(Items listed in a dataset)
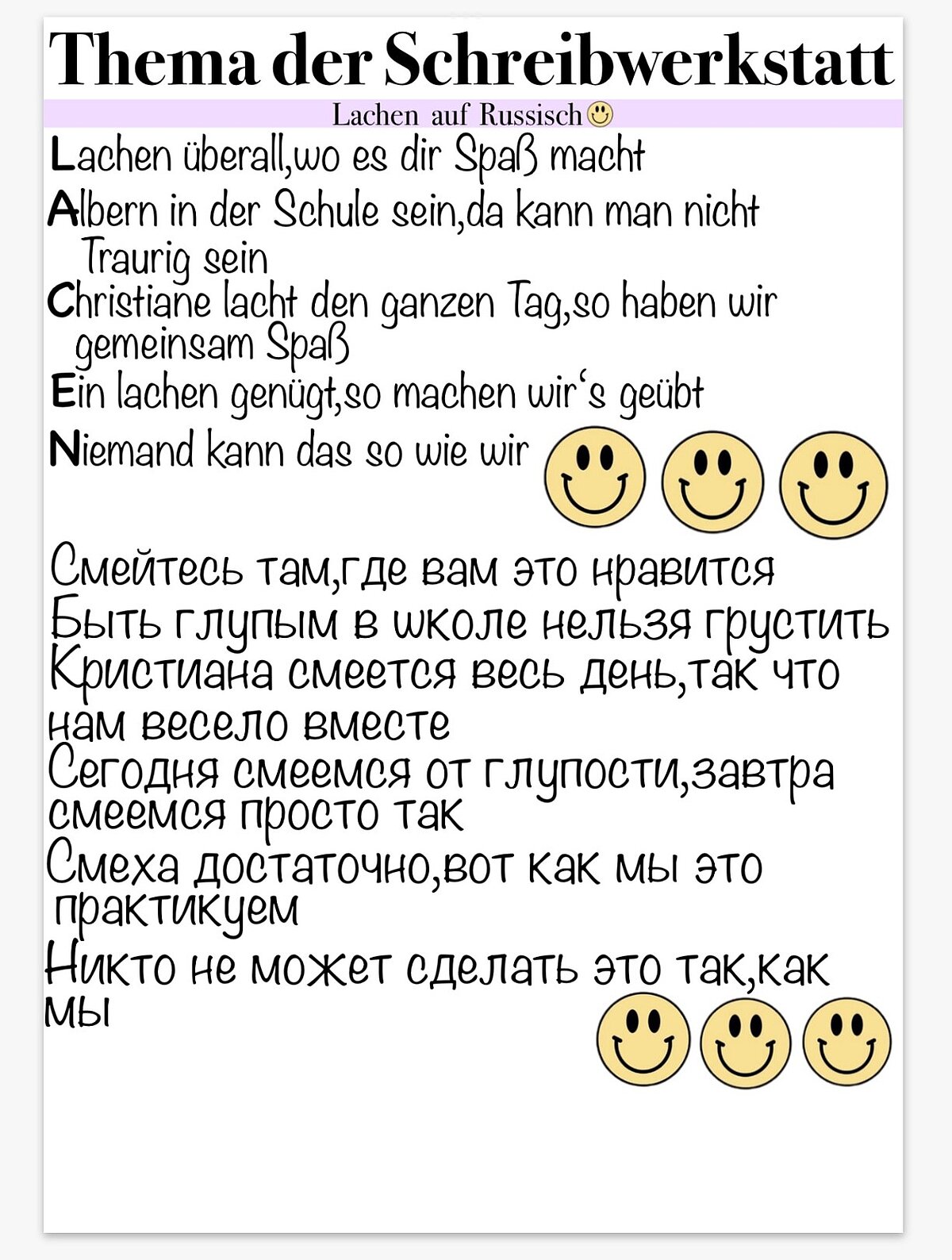 15.09.2023 (gerk) Was bringt mich zum Lachen? Einige mehrsprachige Lesescouts der Birger-Forell Sekundarschule nahmen dieses Thema der mehrsprachigen Schreibwerkstatt des Kreis Minden-Lübbecke zum Anlass, um eine eigene kurze Geschichte, ein Gedicht oder eine literarische Kurzform zu verfassen. Sie überlegten sich, was sie zum Lachen bringt. Sei es eine alltägliche Situation oder ein bestimmtes Ereignis, das schon länger zurückliegt.
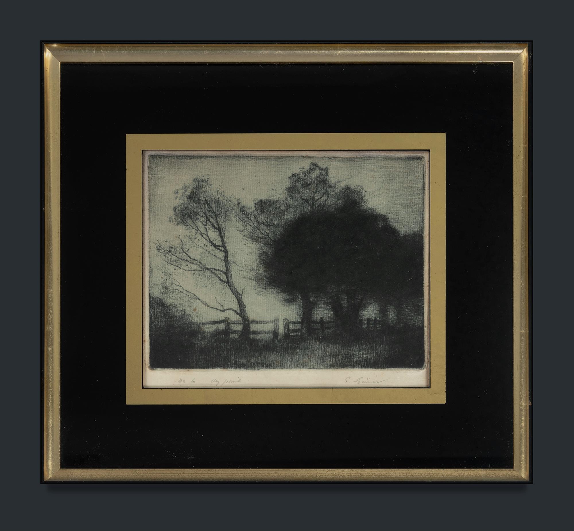 GRUNER, Elioth (1882-1939) Evening Signed and inscribed in pencil. Drypoint Etching no. 6 13.5x17.5cm (plate)Estimate $700-1,200
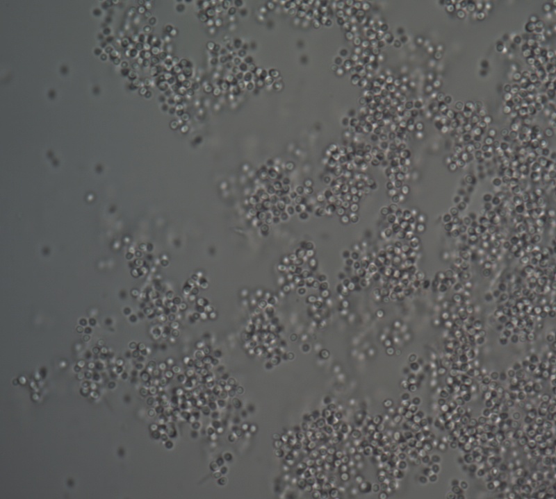 so sehen die Sporen der rosa Kügelchen übrigens aus. Der Durchmesser liegt etwa bei 1,4µ.
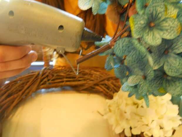 Una vez que estés satisfecho con el diseño puede quitar las flores, recordar su ubicación. A partir de la flor en el centro, aplique una tira de pegamento a lo largo del tallo cortado. Rápidamente Coloque esta flor en su ubicación correcta en la corona. Repita para tus flores restantes.
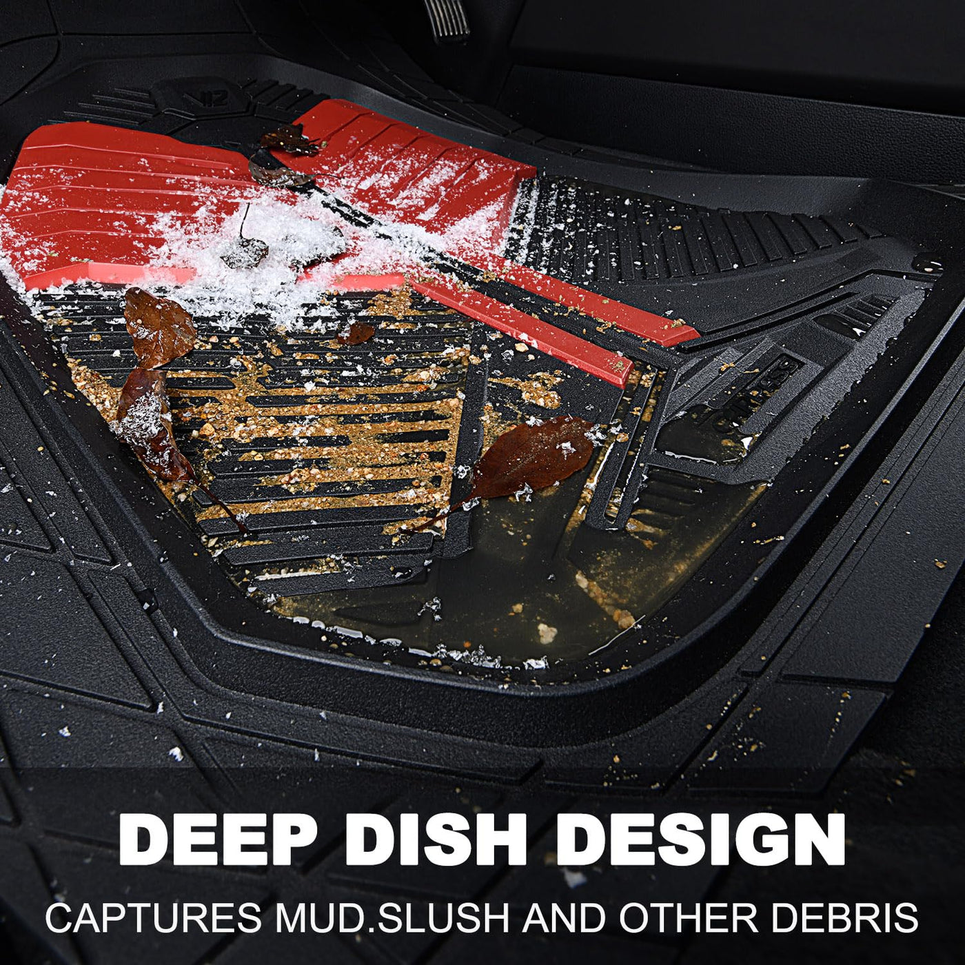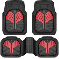Product Features The heavy-duty mats are made from a durable rubber polymer and a ridged design that holds water, mud, and sand. No matter what season it is, these all-weather mats are engineered to stay flexible. Fast, easy installation in most cars, trucks, and SUVs, these front and rear mats can also be trimmed with a pair of scissors to provide the perfect custom fit. This 3-piece set with nail bottom will keep them securely in place. 1. Maximum protections for your car's floor against rain, snow, mud, dirt, debris, food, coffee, mess, spills, stains. 2. Simply cut through the lines until you find the perfect fit! 3. Specially designed anti-slip back surface and clips catches the ground carpet of your car. 4. These mats are durable and long lasting and will withstand normal wear and tear.
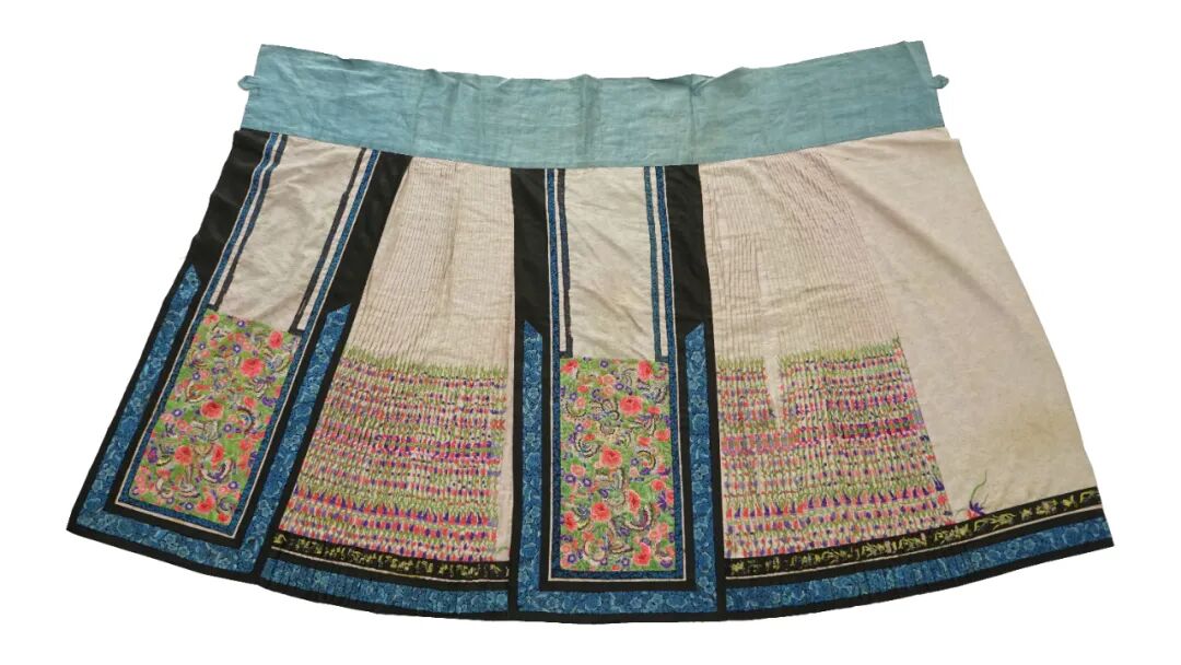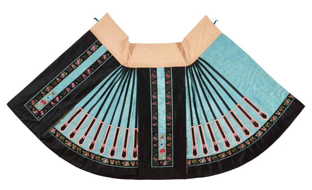 蓝色暗花缎地绣花鸟纹夹棉阑干马面裙,清,长118.2厘米 宽100.8厘米,北京服装学院民族服饰博物馆藏
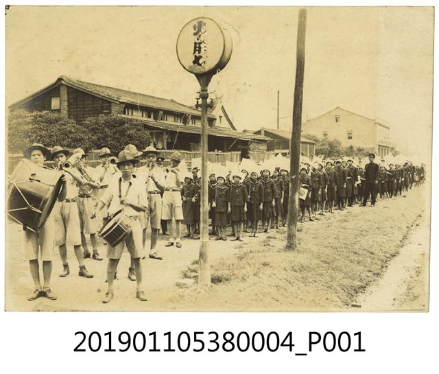 此文物為日本時代小學生戶外遊行照片,日治末期灌輸日本皇國精神於小學生的情景。從這照片中所呈現之人、事、物可看出一二,畫面中街上遊行隊伍最前端有手持大鼓演奏者,身後跟隨一群小學生,當中有人手持類似於治本國旗的圖樣。而此整批相片內容可看出日本皇民精神的灌輸透過許多方式,包含有舞蹈表演、戲劇演出、遊行等等。
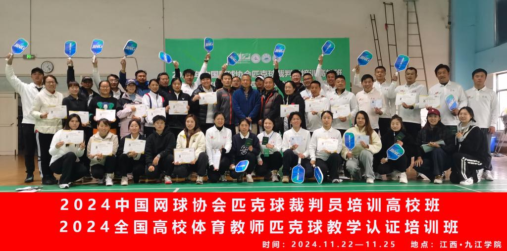 由全国高校体育场馆联盟、中国网球协会和创新驱动教育科技研究院主办,beat365亚洲版官网承办的2024年全国高校体育教师匹克球教学及裁判员认证培训班(九江站)于11月22日至24日在beat365官网圆满落幕。这次培训吸引来了西安工业大学、武汉工程大学、南京beat365亚洲版官网、哈尔滨beat365亚洲版官网、吉林师范学院、湖北警官学院、宁夏理工学院、湖北美术学院等省内外高校的优秀体育教师40余名。
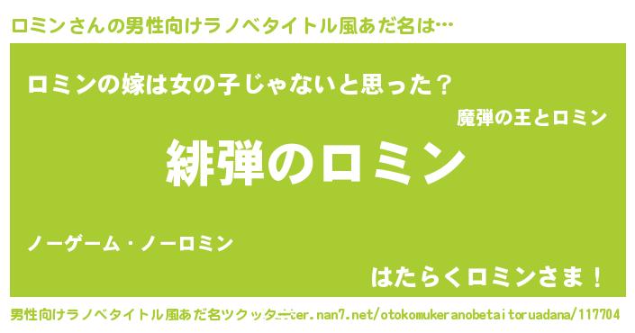 | 女子向けラノベタイトル風あだ名 | 『シンデレラロミン家の靴箱館』 |
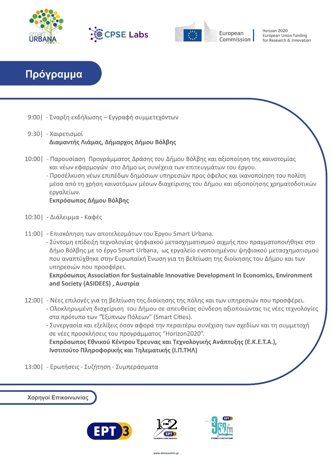 10:00| – Παρουσίαση Προγράμματος Δράσης του Δήμου Βόλβης και αξιοποίηση καινοτομίας, νέων εφαρμογών ως συνέχεια των επιτευγμάτων του έργου. Προσέλκυση νέων επιπέδων δημόσιων υπηρεσιών προς όφελος του πολίτη, μέσα από τη χρήση καινοτόμων μέσων διαχείρισης του Δήμου και αξιοποίησης χρηματοδοτικών εργαλείων. Εκπρόσωπος Δήμου Βόλβης

Assigned task:
Print all records word for word, no images.

Answer below:
 15.09.2023 (gerk) Was bringt mich zum Lachen? Einige mehrsprachige Lesescouts der Birger-Forell Sekundarschule nahmen dieses Thema der mehrsprachigen Schreibwerkstatt des Kreis Minden-Lübbecke zum Anlass, um eine eigene kurze Geschichte, ein Gedicht oder eine literarische Kurzform zu verfassen. Sie überlegten sich, was sie zum Lachen bringt. Sei es eine alltägliche Situation oder ein bestimmtes Ereignis, das schon länger zurückliegt.
 GRUNER, Elioth (1882-1939) Evening Signed and inscribed in pencil. Drypoint Etching no. 6 13.5x17.5cm (plate)Estimate $700-1,200
 so sehen die Sporen der rosa Kügelchen übrigens aus. Der Durchmesser liegt etwa bei 1,4µ.
 Una vez que estés satisfecho con el diseño puede quitar las flores, recordar su ubicación. A partir de la flor en el centro, aplique una tira de pegamento a lo largo del tallo cortado. Rápidamente Coloque esta flor en su ubicación correcta en la corona. Repita para tus flores restantes.
Product Features The heavy-duty mats are made from a durable rubber polymer and a ridged design that holds water, mud, and sand. No matter what season it is, these all-weather mats are engineered to stay flexible. Fast, easy installation in most cars, trucks, and SUVs, these front and rear mats can also be trimmed with a pair of scissors to provide the perfect custom fit. This 3-piece set with nail bottom will keep them securely in place. 1. Maximum protections for your car's floor against rain, snow, mud, dirt, debris, food, coffee, mess, spills, stains. 2. Simply cut through the lines until you find the perfect fit! 3. Specially designed anti-slip back surface and clips catches the ground carpet of your car. 4. These mats are durable and long lasting and will withstand normal wear and tear.
 蓝色暗花缎地绣花鸟纹夹棉阑干马面裙,清,长118.2厘米 宽100.8厘米,北京服装学院民族服饰博物馆藏
 此文物為日本時代小學生戶外遊行照片,日治末期灌輸日本皇國精神於小學生的情景。從這照片中所呈現之人、事、物可看出一二,畫面中街上遊行隊伍最前端有手持大鼓演奏者,身後跟隨一群小學生,當中有人手持類似於治本國旗的圖樣。而此整批相片內容可看出日本皇民精神的灌輸透過許多方式,包含有舞蹈表演、戲劇演出、遊行等等。
 由全国高校体育场馆联盟、中国网球协会和创新驱动教育科技研究院主办,beat365亚洲版官网承办的2024年全国高校体育教师匹克球教学及裁判员认证培训班(九江站)于11月22日至24日在beat365官网圆满落幕。这次培训吸引来了西安工业大学、武汉工程大学、南京beat365亚洲版官网、哈尔滨beat365亚洲版官网、吉林师范学院、湖北警官学院、宁夏理工学院、湖北美术学院等省内外高校的优秀体育教师40余名。
 | 女子向けラノベタイトル風あだ名 | 『シンデレラロミン家の靴箱館』 |
 10:00| – Παρουσίαση Προγράμματος Δράσης του Δήμου Βόλβης και αξιοποίηση καινοτομίας, νέων εφαρμογών ως συνέχεια των επιτευγμάτων του έργου. Προσέλκυση νέων επιπέδων δημόσιων υπηρεσιών προς όφελος του πολίτη, μέσα από τη χρήση καινοτόμων μέσων διαχείρισης του Δήμου και αξιοποίησης χρηματοδοτικών εργαλείων. Εκπρόσωπος Δήμου Βόλβης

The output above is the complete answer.